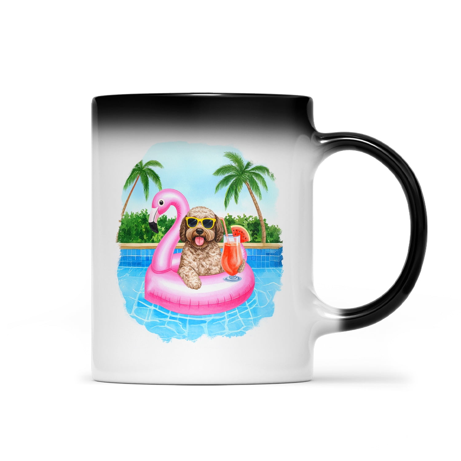 Hello Summer Portuguese Water Dog at Swimming Pool Flamingo Swim Ring
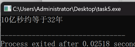 1 // 计算10亿秒约等于多少年,并打印输出 2 #include <stdio.h> 3 int main() 4 { 5 int year; 6 // 补足代码 7 // ××× 8 year = (int)(10e+8/3600/24/365 + 0.5); 9 10 11 printf("10亿秒约等于%d年\n", year); 12 return 0; 13 }
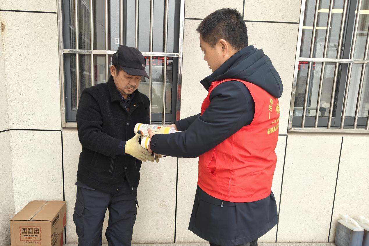 在禅林山村村委会院内,慰问品早已准备就绪。刚从各作业点位赶来的15名保洁员陆续收到了一份份饱含心意的礼包,其中包含大米、食用油、苹果、挂面等实用物品,寓意平安、顺利与丰收。工作人员在发放物资时,不忘细心叮嘱大家注意防寒保暖和作业安全。
----
* Problem to work on
Each line of the material is to be output exactly. Images are not part of the expected output.

* Expected answer
 Hello Summer Portuguese Water Dog at Swimming Pool Flamingo Swim Ring
 1 // 计算10亿秒约等于多少年,并打印输出 2 #include <stdio.h> 3 int main() 4 { 5 int year; 6 // 补足代码 7 // ××× 8 year = (int)(10e+8/3600/24/365 + 0.5); 9 10 11 printf("10亿秒约等于%d年\n", year); 12 return 0; 13 }
 在禅林山村村委会院内,慰问品早已准备就绪。刚从各作业点位赶来的15名保洁员陆续收到了一份份饱含心意的礼包,其中包含大米、食用油、苹果、挂面等实用物品,寓意平安、顺利与丰收。工作人员在发放物资时,不忘细心叮嘱大家注意防寒保暖和作业安全。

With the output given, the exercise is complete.